▸ Work order
Please set down only the lines running from the one with "June 2021, Daszak" through the last line of the entries, exactly as written and without any pictures.

▸ Input material
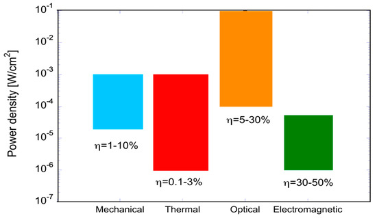 Energy harvesting aims at converting into electrical the energy available in the environment from sources otherwise wasted, including optical [2], mechanical [3], thermal [4], and electromagnetic [5] sources. Its potentials clearly depend on the source intensity and the achievable conversion efficiency (i.e., the ratio between the electric power output and the total power input from the relevant energy source). Typical values are reported in Figure 1 for the most relevant cases [1,6,7,8]. Mechanical power densities are available between 20 µW/cm2 and 1 mW/cm2, with corresponding conversion efficiencies from 1 to 10%. Thermal sources can provide intensities of up to 1 mW/cm2, but only less than 3% can be converted into electric power. Electromagnetic power densities are even lower (1 to 50 µW/cm2), but the obtainable conversion efficiency can reach 50%. Optical sources provide much larger densities from 0.1 to 100 mW/cm2, resulting in harvested energy with conversion efficiencies from 5 to 30%.
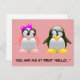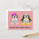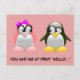 Computer Geek Valentine: Programming Language Love Postcard Two cartoon penguins, one pink and one black, holding hands bonding over the basics of computer programming
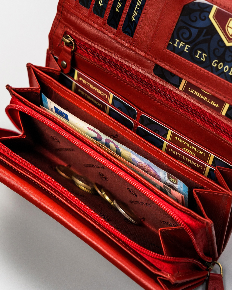 - 1 przegrodę w centralnej części portfela, zamykaną na suwak.
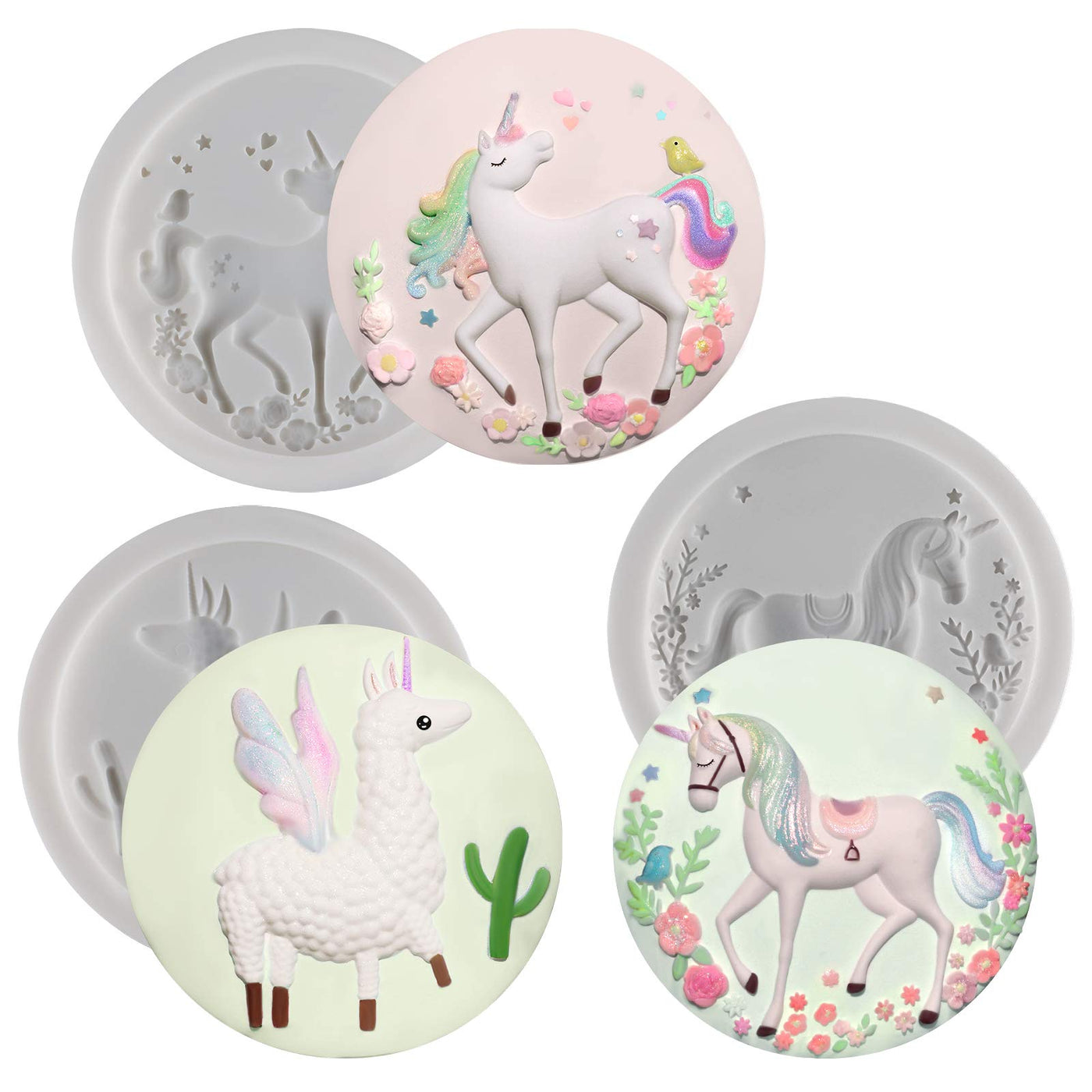 Unicorn Llama Fondant Silicone Molds Set Llamacorn Cake Decorating, Cupcake Topper, Chocolate, Epoxy Resin, Polymer Clay Art Cra
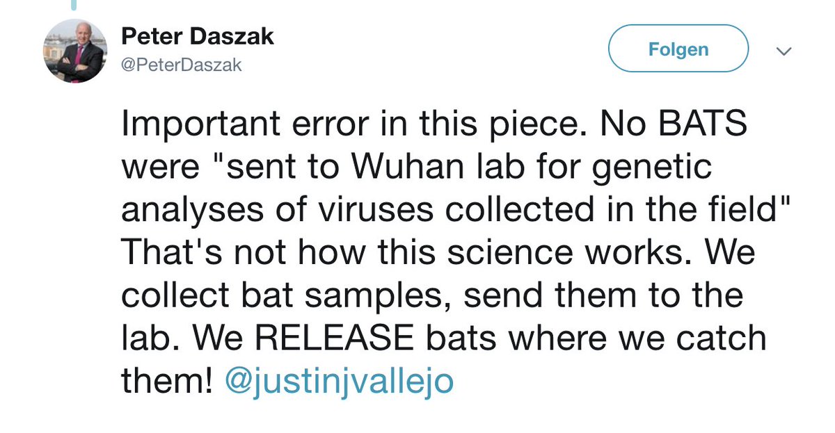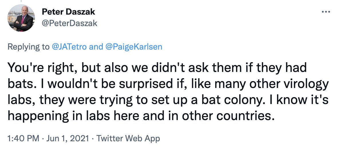 June 2021, Daszak tweets "I wouldn't be surprised if, like many other virology labs, they were trying to set up a bat colony." taiwannews.com.tw/en/news/4227123
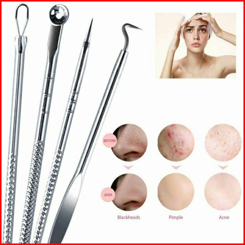 Mbh Pinset Komedo Set 4pcs Stainless Anti Karat - Facial Blackhead Removal Alat Pencetan Penghilang Jerawat Pembersih

▸ Solution to the problem
 June 2021, Daszak tweets "I wouldn't be surprised if, like many other virology labs, they were trying to set up a bat colony." taiwannews.com.tw/en/news/4227123
 Mbh Pinset Komedo Set 4pcs Stainless Anti Karat - Facial Blackhead Removal Alat Pencetan Penghilang Jerawat Pembersih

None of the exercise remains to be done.